▶ **MATERIALS PROVIDED**
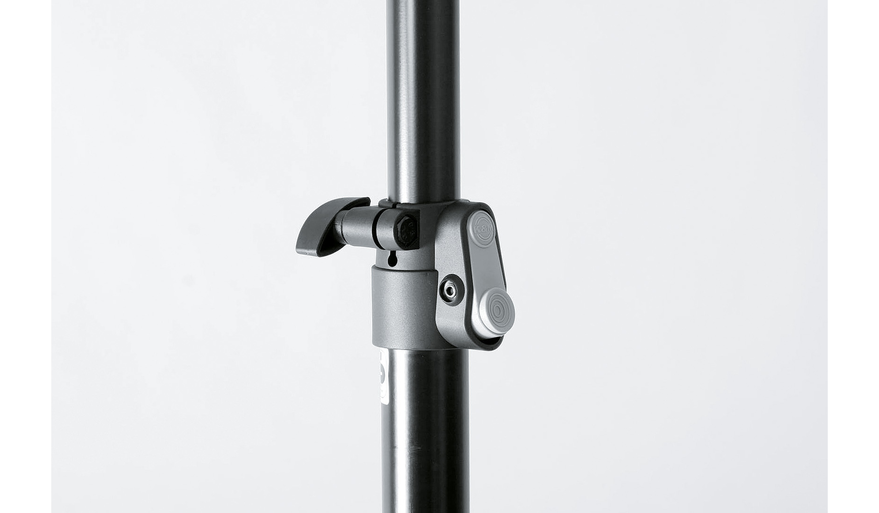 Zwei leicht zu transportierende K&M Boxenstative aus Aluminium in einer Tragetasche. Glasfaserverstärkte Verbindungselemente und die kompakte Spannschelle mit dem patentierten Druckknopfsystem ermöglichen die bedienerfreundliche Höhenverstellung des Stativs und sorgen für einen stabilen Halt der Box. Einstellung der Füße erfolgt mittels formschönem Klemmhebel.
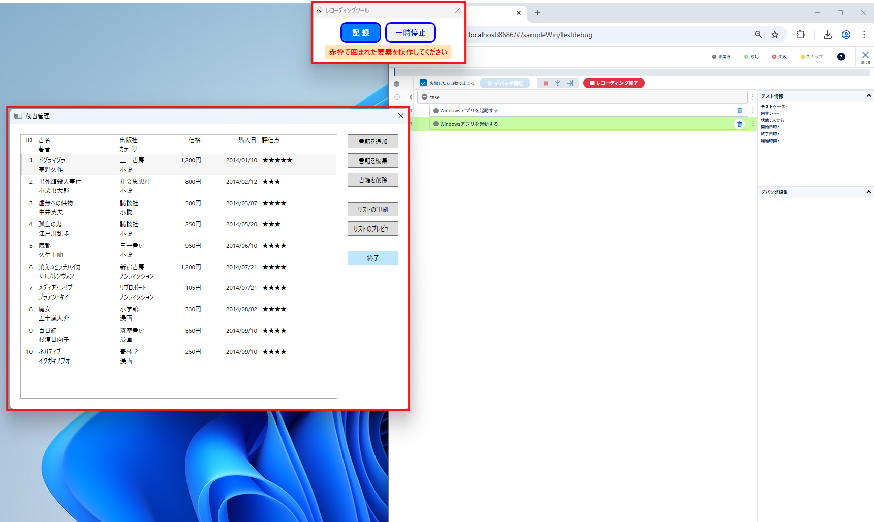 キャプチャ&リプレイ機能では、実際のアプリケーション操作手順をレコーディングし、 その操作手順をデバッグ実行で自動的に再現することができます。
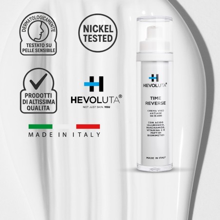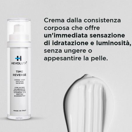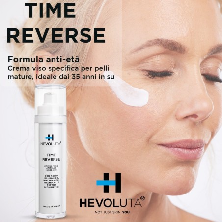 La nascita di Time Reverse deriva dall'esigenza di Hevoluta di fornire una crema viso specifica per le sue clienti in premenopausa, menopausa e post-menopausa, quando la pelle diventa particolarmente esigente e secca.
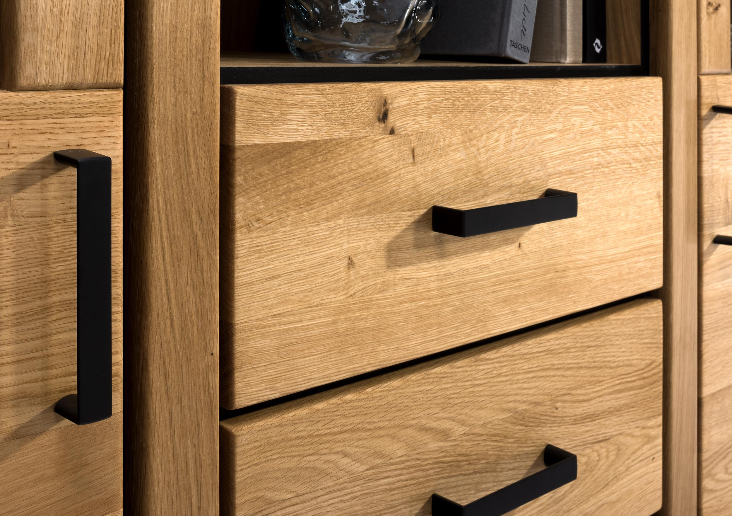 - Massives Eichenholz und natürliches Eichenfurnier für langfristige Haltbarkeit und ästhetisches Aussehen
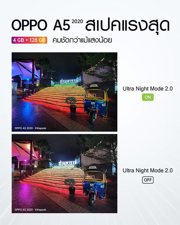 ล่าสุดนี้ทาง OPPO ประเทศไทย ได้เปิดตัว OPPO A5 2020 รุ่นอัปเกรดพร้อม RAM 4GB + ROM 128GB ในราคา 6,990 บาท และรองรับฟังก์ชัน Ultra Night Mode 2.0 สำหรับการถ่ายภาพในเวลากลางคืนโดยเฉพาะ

▶ **EXERCISE PROMPT**
Output the listing unchanged, pictures excluded.

▶ **EXERCISE ANSWER**
 Zwei leicht zu transportierende K&M Boxenstative aus Aluminium in einer Tragetasche. Glasfaserverstärkte Verbindungselemente und die kompakte Spannschelle mit dem patentierten Druckknopfsystem ermöglichen die bedienerfreundliche Höhenverstellung des Stativs und sorgen für einen stabilen Halt der Box. Einstellung der Füße erfolgt mittels formschönem Klemmhebel.
 キャプチャ&リプレイ機能では、実際のアプリケーション操作手順をレコーディングし、 その操作手順をデバッグ実行で自動的に再現することができます。
 La nascita di Time Reverse deriva dall'esigenza di Hevoluta di fornire una crema viso specifica per le sue clienti in premenopausa, menopausa e post-menopausa, quando la pelle diventa particolarmente esigente e secca.
 - Massives Eichenholz und natürliches Eichenfurnier für langfristige Haltbarkeit und ästhetisches Aussehen
 ล่าสุดนี้ทาง OPPO ประเทศไทย ได้เปิดตัว OPPO A5 2020 รุ่นอัปเกรดพร้อม RAM 4GB + ROM 128GB ในราคา 6,990 บาท และรองรับฟังก์ชัน Ultra Night Mode 2.0 สำหรับการถ่ายภาพในเวลากลางคืนโดยเฉพาะ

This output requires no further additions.